La provincia continúa bajo los efectos de la borrasca Leonardo, un temporal que está dejando lluvias intensas, crecidas de ríos y problemas en la red viaria, además de avisos meteorológicos por viento y deshielos. La combinación de precipitaciones continuadas y un suelo saturado está provocando incidencias en carreteras, desbordamientos puntuales y un seguimiento constante de los cauces fluviales, especialmente en comarcas como Sanabria, Sayago, Aliste y Tierra de Tábara.
Las administraciones insisten en la prudencia en los desplazamientos, mientras los servicios de emergencia y mantenimiento trabajan para minimizar riesgos en los puntos más afectados.
Uno de los principales focos de preocupación se sitúa en la red secundaria de carreteras, donde la acumulación de agua y el desbordamiento de arroyos próximos están dificultando la circulación.
En zonas como Sayago se pide especial cautela en el tramo que conecta Formariz y Fariza, mientras que en Tierra de Tábara se han detectado balsas de agua en la vía entre Ferreras de Arriba y Ferreras de Abajo.
También se han registrado incidencias en carreteras provinciales como la ZA-P-2327, entre la N-122 y Almendra, y en la ZA-P-1304, entre Torres del Carrizal y Cerecinos del Carrizal, donde ha sido necesario restringir parcialmente el tráfico por la presencia de importantes acumulaciones de agua sobre el firme. Estas condiciones ya han provocado salidas de vía, lo que ha llevado a reforzar la señalización y a pedir que se eviten desplazamientos innecesarios.
Los operarios de mantenimiento y el Parque de Maquinaria de la Diputación continúan trabajando para achicar agua y señalizar los puntos más conflictivos, con el objetivo de prevenir accidentes.
La situación hidrológica mantiene en vilo a numerosos municipios de la provincia.

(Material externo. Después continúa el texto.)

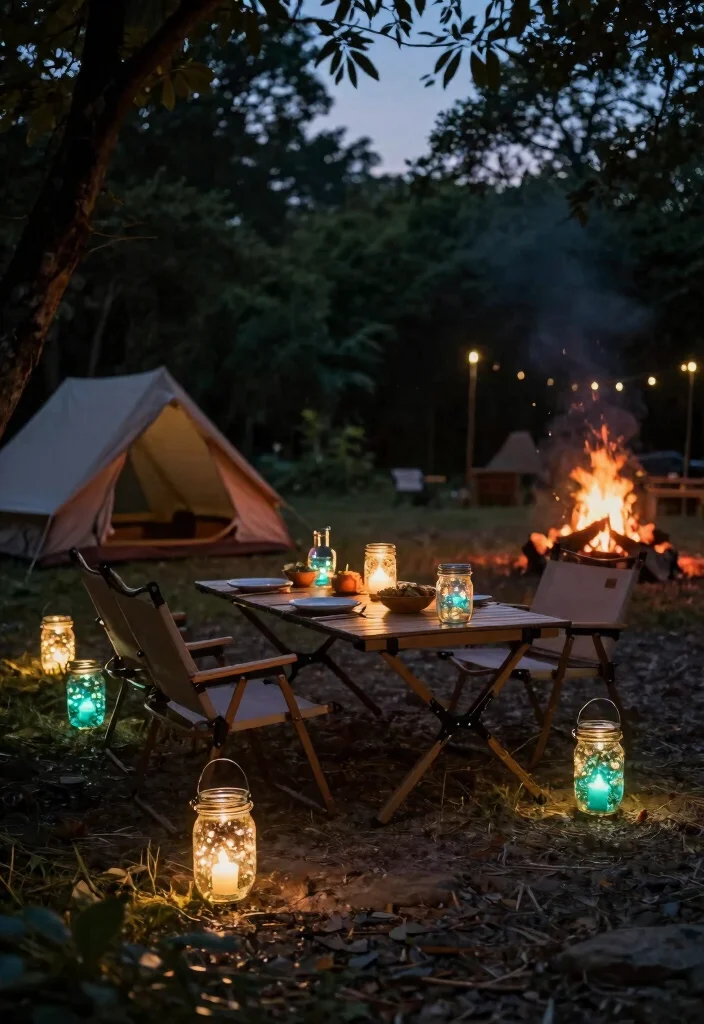 Add a warm glow to your campsite with charming campfire lanterns made from simple jars. By placing LED tealights or candles inside, you can create beautiful lighting that also helps keep bugs at bay. Mason jars bring a rustic touch, perfect for late-night storytelling or enjoying peaceful evenings under the stars.

En Sanabria, varios ríos han experimentado crecidas que han llegado a afectar a caminos y zonas próximas a los núcleos urbanos. Es el caso del río de Onor a su paso por Rihonor de Castilla y del río Negro en Santa Eulalia de Rionegro, donde el aumento del caudal se mantiene bajo estrecha vigilancia.
El río Castro también se ha desbordado en tramos de San Miguel de Castro y Puebla de Sanabria, obligando a cortar caminos tradicionales y accesos rurales.

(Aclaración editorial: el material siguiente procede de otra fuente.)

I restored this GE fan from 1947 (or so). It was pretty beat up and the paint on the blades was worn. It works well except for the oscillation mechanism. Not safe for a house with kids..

A estos puntos se suman otros municipios incluidos en los avisos de la Confederación Hidrográfica del Duero, con estaciones de aforo activas en Toro, por la crecida del Duero; Manganeses de la Polvorosa y Santa Cristina de la Polvorosa, en el río Órbigo; Puebla de Sanabria, Camarzana de Tera y Mózar, en el río Tera; y Benegiles, en el Valderaduey.
En el caso de Toro, la subida del nivel del Duero ha llevado al Ayuntamiento a cerrar accesos al Puente de Piedra y a la zona de La Bardada como medida preventiva, ante el riesgo de desbordamientos en la vega. Desde el consistorio se recuerda que el terreno se encuentra muy encharcado y que el caudal mantiene una tendencia ascendente, por lo que se insiste en respetar la señalización y evitar las zonas inundables.
En la capital zamorana, el concejal de Seguridad Ciudadana ha hecho un llamamiento al sentido común, subrayando que el caudal del Duero, aunque elevado, se mantiene dentro de registros conocidos y bajo vigilancia constante.
Especial atención merece el río Valderaduey, que puede experimentar crecidas rápidas y afectar a municipios aguas abajo en poco tiempo.
Además del impacto de las lluvias, la Agencia Estatal de Meteorología mantiene avisos por viento y deshielos, especialmente en Sanabria, donde se esperan rachas fuertes y acumulaciones de agua derivadas del aumento de temperaturas en zonas de montaña.
Las autoridades reiteran la recomendación de extremar la precaución, evitar paseos junto a los ríos y asegurar objetos que puedan verse afectados por el viento, mientras el temporal continúa marcando la actualidad en la provincia.